No. The fact that a holiday may occur within the week taken as family and medical leave has no effect; the week is counted as a week of family and medical leave. However, if employees generally are not expected to report for work for one or more weeks (e.g., winter holiday closure), the days of the closure do not count against the employee's entitlement to family and medical leave.

ASMD does not affect FML. ASMD is not a leave, therefore FML is not affected.

Under the FMLA, employers are allowed to dock the leave banks and pay of FLSA exempt employees for partial day absences without affecting the employee’s qualification for exemption under FLSA. Records of actual hours worked by FLSA exempt staff and faculty who are granted family and medical leave on either a reduced work schedule or on an intermittent basis must be kept to ensure that the employee or member of the faculty receives his or her complete entitlement to 12 workweeks of leave and so that the department knows when the family and medical leave ends.

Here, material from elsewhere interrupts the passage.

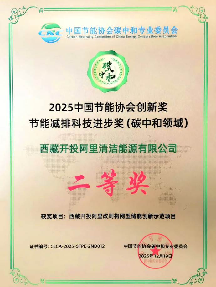 近日,由中國(guó)質(zhì)量認(rèn)證中心、中國(guó)節(jié)能協(xié)會(huì)碳中和專業(yè)委員會(huì)聯(lián)合頒發(fā)的2025中國(guó)節(jié)能協(xié)會(huì)創(chuàng)新獎(jiǎng)名單揭曉,由西藏開投阿里清潔能源公司投資建設(shè)的阿里改則構(gòu)網(wǎng)型儲(chǔ)能創(chuàng)新示范項(xiàng)目獲“節(jié)能減排科技進(jìn)步獎(jiǎng)(碳中和領(lǐng)域)二等獎(jiǎng)”。

When an employee takes leave by working a reduced work schedule (e.g., reducing from 100% to 80%) or on an intermittent basis (e.g., a day here and there in different weeks), only the amount of leave actually taken is counted toward the 12 weeks leave entitlement.

If an employee's schedule varies from week to week, a weekly average of the hours worked over the 12 weeks prior to the beginning of the leave period should be used to calculate the employee's normal workweek.

An eligible part-time employee is entitled to family and medical leave for a period not to exceed 12 of his or her scheduled workweeks. For example, an employee who has a scheduled workweek of four hours a day (five days a week) is entitled to leave for 12 workweeks each comprised of four hour days.

The University is required to keep such records for Department of Labor inspections for a period of no less than three years. Failure to maintain records is a violation of FMLA and subjects the University to applicable sanctions. If complete records are not kept of all qualified family and medical leaves, the University may find itself in the position of granting additional time off (i.e., up to 12 workweeks) with health care benefits coverage for a qualified family and medical leave because records do not exist showing that family and medical leave had already been taken. Additionally, failure to properly document leave as covered by FMLA could result in disciplinary action being taken against an employee based on absences that were for protected family and medical leave purposes.

The employee's family and medical leave records must be transferred to the new department or campus.

FMLA paperwork should be maintained in a separate file like medical records. [Note: Medical records should not be kept in the employee's personnel file.]

FML generally cannot be retroactively designated/ therefore, it is important to provisionally designate leave as family and medical leave. According to the federal regulations, failure to designate a leave as family and medical means that the person may enjoy the protection of the Act for the period of the leave not properly designated and is still entitled to the 12 workweeks of FML form the date the leave is finally designated.

The home department is the Office of Record and therefore, responsible for determining and documenting eligibility.

Local procedures may vary, but in most cases, the home department has been designated the Office of Record, and therefore, has the responsibility for maintaining all documentation and records pertaining to the family and medical leave. It is also the department’s responsibility to keep the local employee relations, human resources, or academic personnel office updated regarding the status of a given employee’s family and medical leave.